Realignment of crooked toes and toe deformities
A hammertoe usually refers to any deformity of the toe. Technically speaking there are a large number of digital deformities with individual names, however in general, people tend to refer to all of them as hammertoes. These deformities occur when the toe buckles at one or more of the lesser toe joints. As a result of the toe no longer sitting in a neutral plane area of overload result- often on the toe knuckle joints or at the apex or tip of the toe. This often results in painful and unsightly calluses or corns in these areas of high pressure.
The toe will have moved out of alignment and buckled in any of the three planes of movement, and often in a combination of at least two. The planes are up and down, left to right and rotation. So the toe looks deformed, the joints become more prominent and buckled and a callus or corn (dead hard skin) can grow at the apex of the deformity. Corns and calluses can become not only very disfiguring but also very painful.
Generally, hammertoes are caused by an imbalance in the little muscles within the foot. Toes can be congenitally long or short which can cause buckling or retraction. Footwear is not usually the sole cause of toe deformities, but certainly can contribute to malalignment if they are constricting, tight, short, have too shallow a toe box, are too high or are too narrow. As with pretty much every medical condition there is often a strong genetic component too.
Hammertoes can be treated conservatively (non-surgically) or surgically.
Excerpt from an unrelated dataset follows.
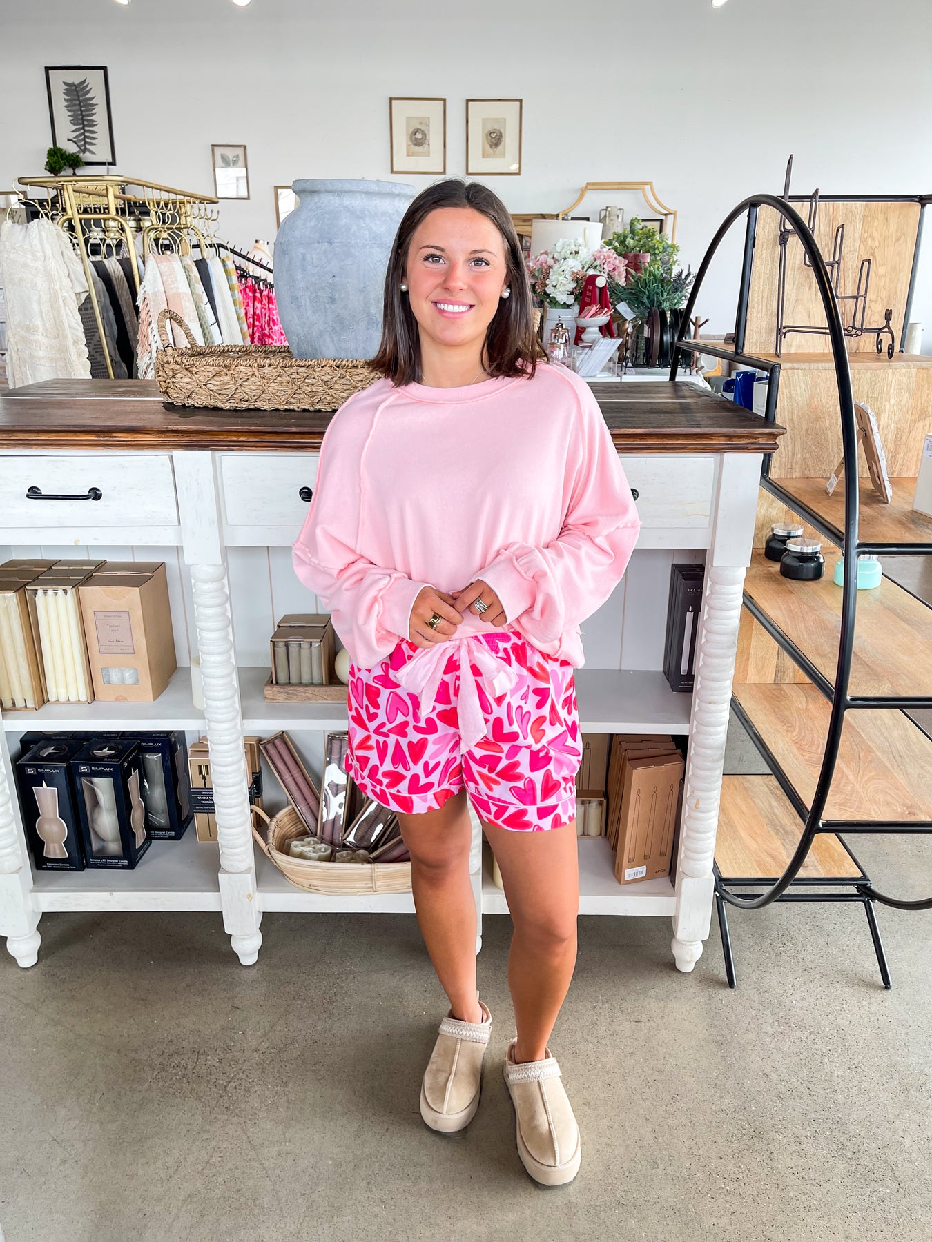 Slip into comfort with these adorable Valentine's Pajama Shorts! Featuring a charming heart print and trendy silhouette, they're perfect for cozy nights in. The elastic waist with silk tie ensures a flattering fit, while functional pockets add practical style. Soft, playful, and oh-so-cute—your new favorite sleepwear essential.

Non-surgical treatments include padding, strapping and accommodating in footwear; some ortho digital devices can be beneficial in helping to balance out the mechanics. If conservative treatment isn’t appropriate or ineffective, surgery can be very successful in straightening the toe, along with rebalancing or removing the deforming force(s). Surgery usually involves removing part of the involved knuckle joint(s) and derotating in one or all three planes of movement, lengthening or repositioning the toe tendons and skin-plasty as required. There is no one standard surgical procedure as toes become deformed in several ways, so it is a matter of tailoring the procedure for each patient. Sometimes internal pins are required and these usually stay in permanently, other options include temporary fixation with an external wire or splinting for 3-6 weeks after the procedure.
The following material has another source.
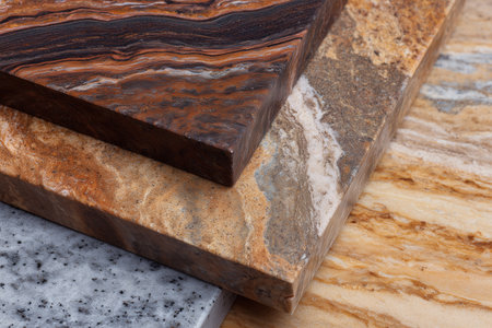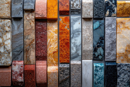 A variety of marble and granite samples arranged in rows, showcasing different colors and textures for interior design material selection. --ar 3:2 --stylize 750 --v 6.1 Job ID: 174cbc15-eb49-4a48-97da-5ff74c9f49ef

The procedure is performed as day surgery under general anaesthetic, sedation or local anaesthesia depending on the extent of the surgery and patient preference. Multiple toes can be operated on at any one time. Depending on the extent of the surgery you will need to rest and elevate your foot post- operatively. You will be able to bear weight in a limited capacity initially, and by 2-6 weeks you will be able to start increasing your activity to tolerance. Once the toe has healed completely there should be no limitations on your daily or recreational activities. In fact, because the pain and deformity have gone these activities will become much easier.
Disclaimer: Individual results may vary. Surgery and all health regulated services may carry some risks which you can discuss with our doctor.